After years of development, the consensus algorithm from the Ethereum network is now to be updated to Proof of Stake. Ethereum: Vitaly Buterin, the inventor of cryptography, recently published an article stating that a hybrid system will soon be put between Proof of Work and Proof of Stake. The consensus of Bitcoin Mining, which is known as proof of work, is to be combined with a Proof of Stake system known under the name Casper. In concrete terms, this means that 1% of the blocks are to be secured via Proof of Stake.
Parallel to the Ethereum developer Vlad Zamfir, Buterin has presented his version of the Proof of Stake system. According to Karl Floersch, a developer at ConsenSys, who is also part of Casper, the network with Casper will be the first choice for the more secure variant - not necessarily the more revolutionary:
"Ultimately, Vitalik has a well-functioning version of the Proof of Stake consensus, which, however, may not be as revolutionary as that of Vlad. "
What is the specificity of Proof of Stake? Ultimately, you can imagine it as a kind of "virtualization" of mining. Proof of Work is the classic consensus protocol and the basis of the mining process: Miners are looking for a block that meets certain conditions according to the Difficulty. For this purpose, a nonce named counter is varied, in addition to the transactions that are to be summarized in the block, until a calculated checksum - the hash - has a structure corresponding to the conditions.These calculations cost money for equipment and electricity.
In the proof-of-stake process, stakeholders are ultimately investing money in this consensus process. The money is not put into power and equipment.

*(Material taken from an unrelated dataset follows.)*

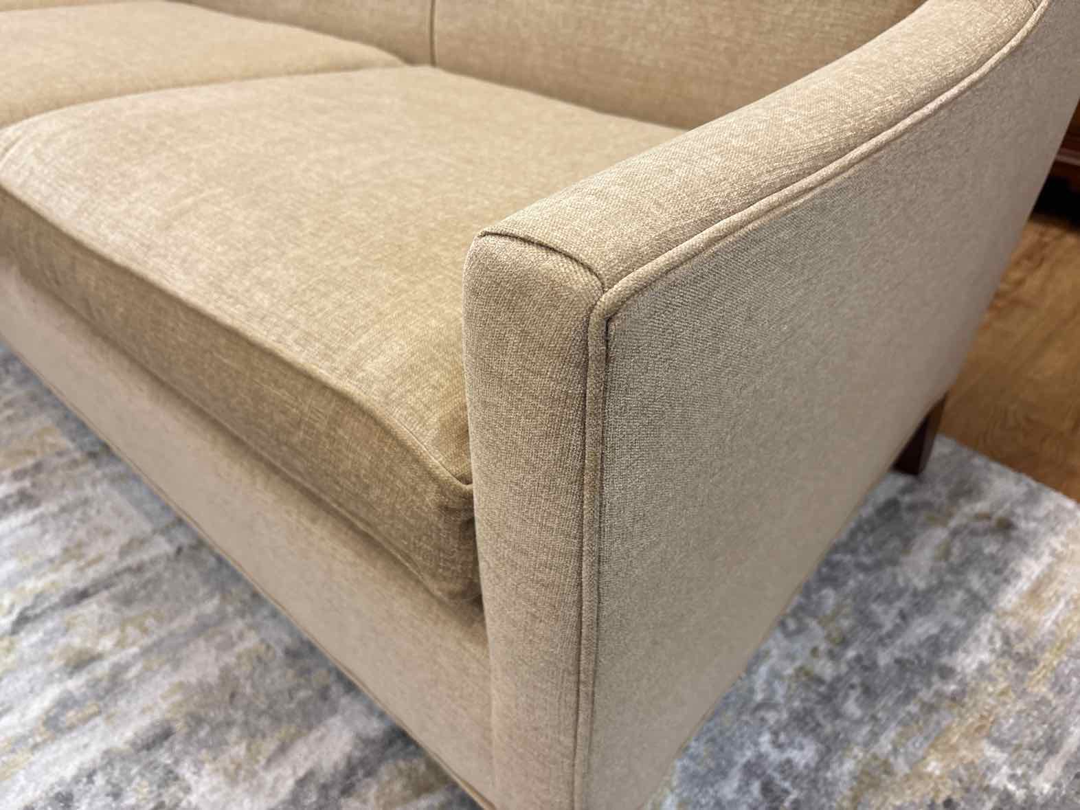 'Cara' 3-seat tight back sofa in soft gold performance chenille, gently sloped arm and espresso foot
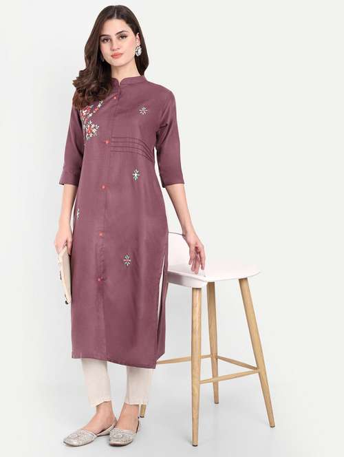 women embroidered three quarter sleeve kurta

In Casper, virtual miners are called virtual miners to make their money available to the system: They know that they lose their money if they do not play according to the rules of the consensus. Caster's first step The first step in Buterin's plan is to use Proof of Stake as a kind of checkpoint: every hundred blocks are checked as a sample to see if the blocks contain correct transactions. Flocher is currently working on the so-called "Fork Choice Rules" for Pythereum, the Ethereum client in Python. These rules determine how validators choose the correct chain to add blocks.Validators look at these different versions of the blockchain and make a decision which is the correct one. The amount of ether connected to a blockchain version is an orientation in this choice.

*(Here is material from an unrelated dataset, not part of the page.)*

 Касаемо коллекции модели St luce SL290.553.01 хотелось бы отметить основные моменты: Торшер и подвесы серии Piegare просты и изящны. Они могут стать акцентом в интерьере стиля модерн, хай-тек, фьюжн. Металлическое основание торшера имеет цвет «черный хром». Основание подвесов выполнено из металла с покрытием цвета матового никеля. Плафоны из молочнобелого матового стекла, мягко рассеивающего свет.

But be careful: Validators who choose the wrong blockchain lose money.
"A consensus and a single chain are found, instead of constantly forming a new fork," says Floersch. The SmartContract, which regulates this, is published by the Casper developers at Ethereum. Each Ether can deposit as deposit and participate in the virtual mining process.
Once the Pythereum version is complete, the whole thing should be implemented in the Casper Deamon. This package can then be used with any Ethereum client.
Will it work?
Of course there are also some challenges with the Proof of Stake concept. If all this does not work as planned, this would mean that transactions or entire Smart Contracts are not processed correctly.
Others see the planned hybrid approach of sharing Proof of Work and Proof of Stake critically.
On the part of IOHK, a company that works a lot on Ethereum Classic, there are corresponding concerns: "Such an introduction in installments is, in my opinion, not useful. One is either convinced by a consensus algorithm or leaves it. Adding a non-tested component to the network is a stupid idea. Where is a real peer review? Which conferences were presented with a good white paper? What feedback did they receive? "Despite the corresponding criticism, Ethereum sees the future not only rosy, but sees much potential beyond the search for a consensus in the proof of stake mechanism:" Of course, Proof of Stake is a very interesting problem, but I do think that there are clearly more applications within the framework of the Crypto-Economy, the school behind Casper. In this regard Casper will be only a first step."